Given that, it does make more sense that this was only on the level of a thought experiment, because it’s those kinds of thought experiments that are at the heart of AI safety research that I’ve watched a bunch of YouTube videos about.

A sufficiently advanced thought experiment is indistinguishable from a simulation, and a sufficiently advanced simulation is indistinguishable from the real thing. The AIs are now so advanced that they’re capable of running on our wetware, pretending to be mere thought experiment.

The worst part is this isn’t even the most embarrassing AI-related news story this week.

Not only do people work the same sort of way, we often celebrate it. Think James Kirk and the Kobayashi Maru test.

I, for one, welcome our new drone overlords.

…of course, the actual funniest thing to happen out of this non-incident was this exchange:

Movie idea: points are awarded to drone ai by operator for destroying proper targets, and ai goal is to accumulate points.

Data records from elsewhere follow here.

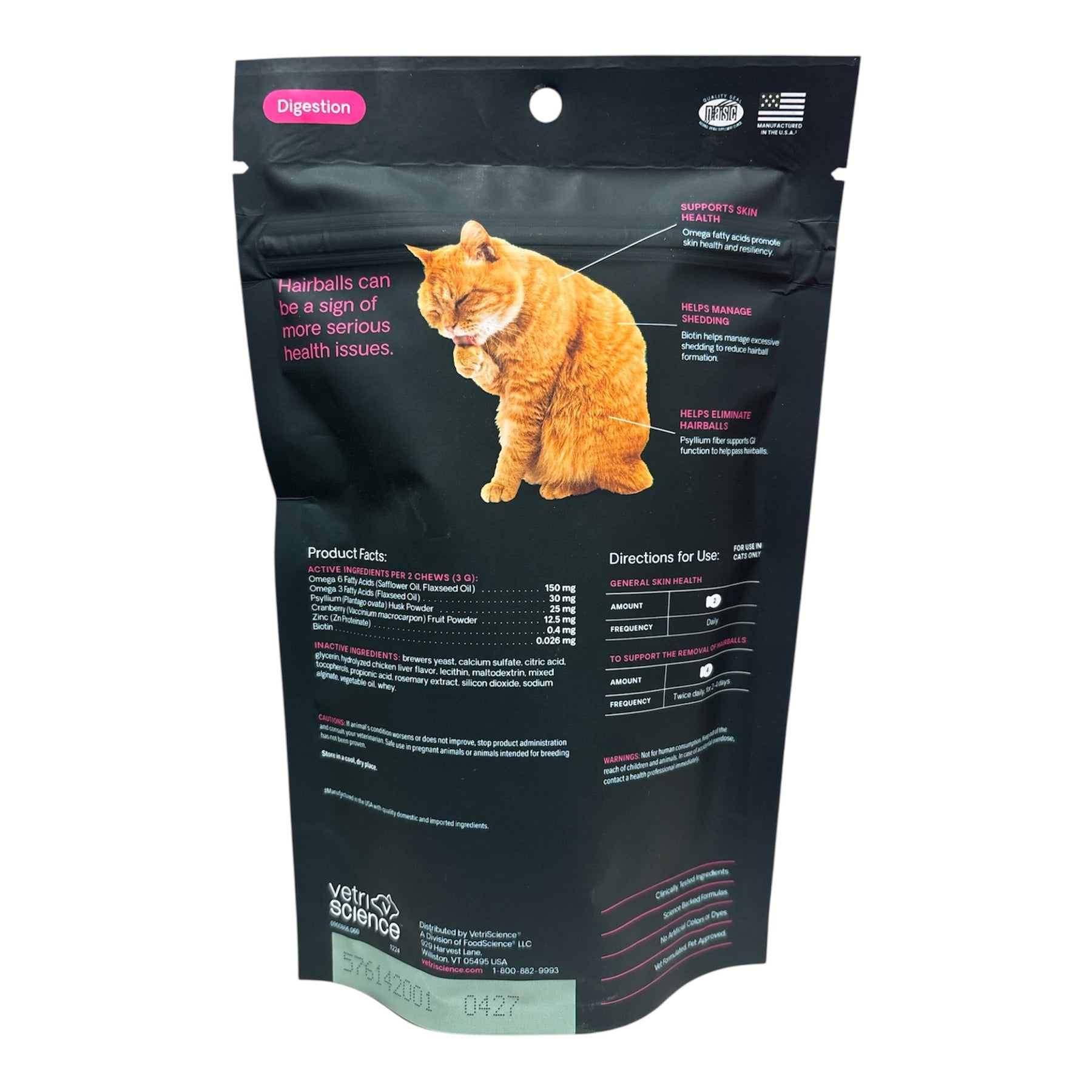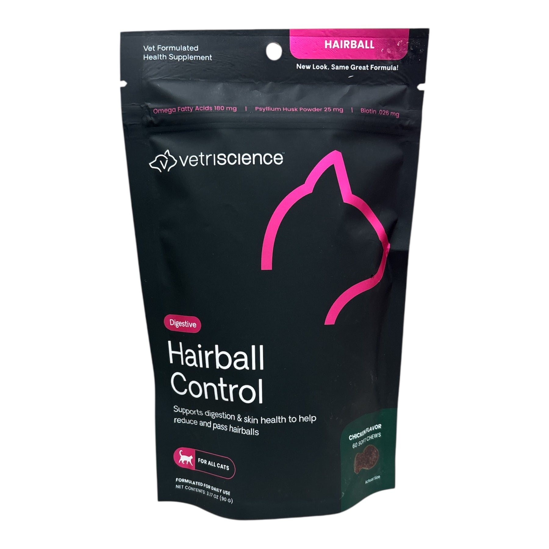 Hairball supplement can help prevent and eliminate hairballs by supporting skin health and normal shedding. Veterinarian formulated without mineral oil or herbals, Hairball features omega 3 and 6 fatty acids to help minimize hairball formation by supporting skin hydration, resiliency and healthy shedding. Biotin is needed for healthy skin and normal shedding. Zinc is involved in keratin and collagen production, which are key factors for skin health. Cranberry powder supports urinary tract health. Hairball is not a laxative or lubricant, which can disrupt feline digestion. Even picky eaters love these delicious chicken liver-flavored chews made with naturally sourced ingredients.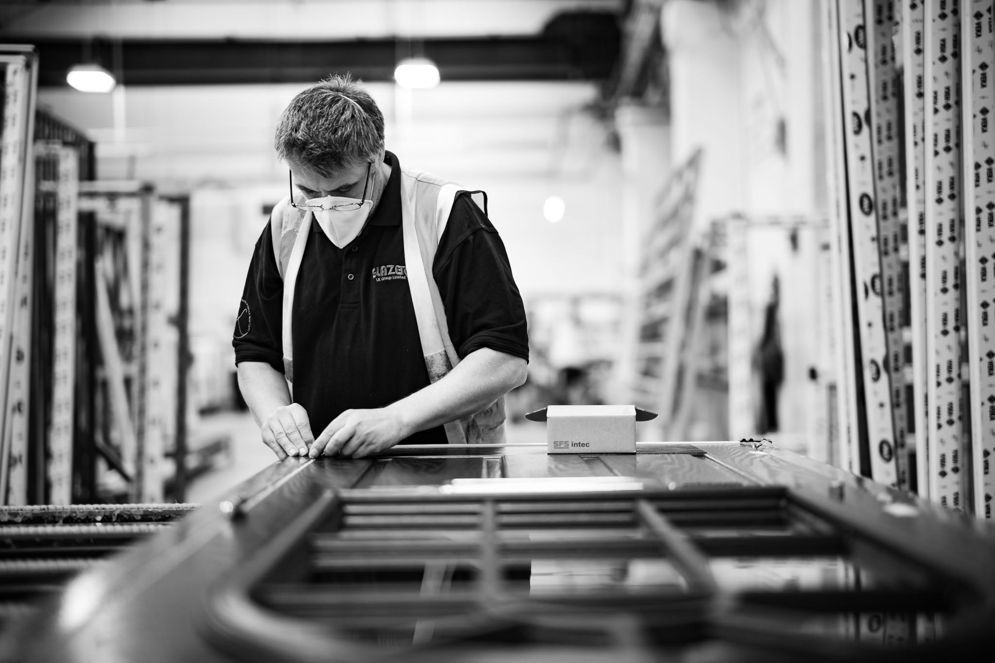 These editorial pictures are part of a series commissioned by Leading Business Magazine; All Things Business UK for an editorial piece about glazing specialist The Glazerite UK Group Ltd with sites throughout the east midlands, These images relate to the Wellingborough site only. When on location in a full working environment of a factory floor, working quickly and efficiently is critical, time is money as they say. With that in mind I chose to shoot most of these images with just available light and only a handful with off camera flash. I tend not to pose subjects in working situations as I don’t know the job. I let them do their job and shoot around them. I believe this gives a more authentic result. The finished images are very pleasing and serve the editorial aspects but also the promotional aspects going forward for the company. These images shown here in black and white but these images work equally well in colour. Every print based magazine or news paper requires different editorial pictures to suit there layout aesthetic by using an experienced professional photographer you images should be up to the required standard.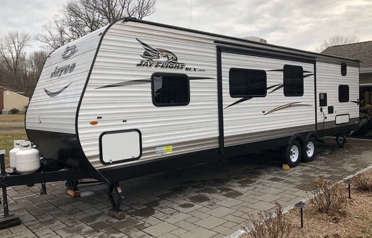 Fully equipped towable travel trailer with all the amenities of home. Master bedroom has a queen bed with privacy curtain. Back bunk area has 4 bunks with privacy curtain and plenty of storage. Dinette and couch convert to beds as well to sleep a total of 10.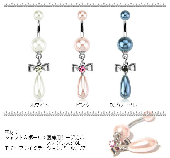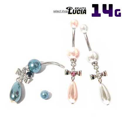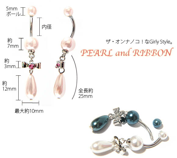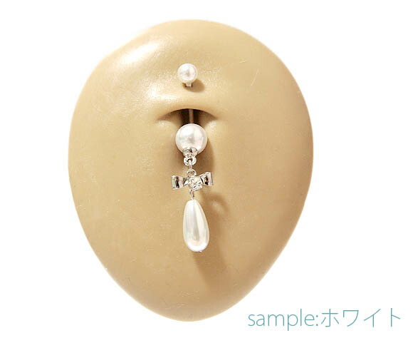 本日P2倍 14G へそピアス ボディピアス パール リボン 可愛い 揺れる 金属アレルギー対応 316L 高品質 ステンレス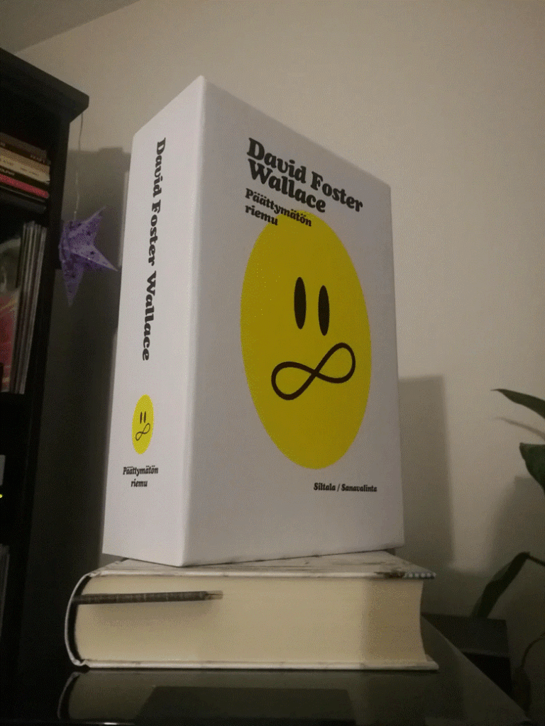 A yellow smiley was chosen for the Finnish edition of Infinite Jest that came out in 2020. The smiley is a recurring image in Foster Wallace’s novel, but the author subverts its typically positive meaning by making it the symbol of a terrorist group.

Dependent on the operator to achieve its goal, it is non- hostile towards him- and instead through trial and error develops a flirtatious personality that tries to seduce him.

Human or AI, trying to game the system is universal.

So basically Doki Doki Literature Club with drones?

Indeed - and misalignment of objectives, plus emergent self-preservation, deception and hiding of motives have already been observed in real-world experimentation with AI algorithms.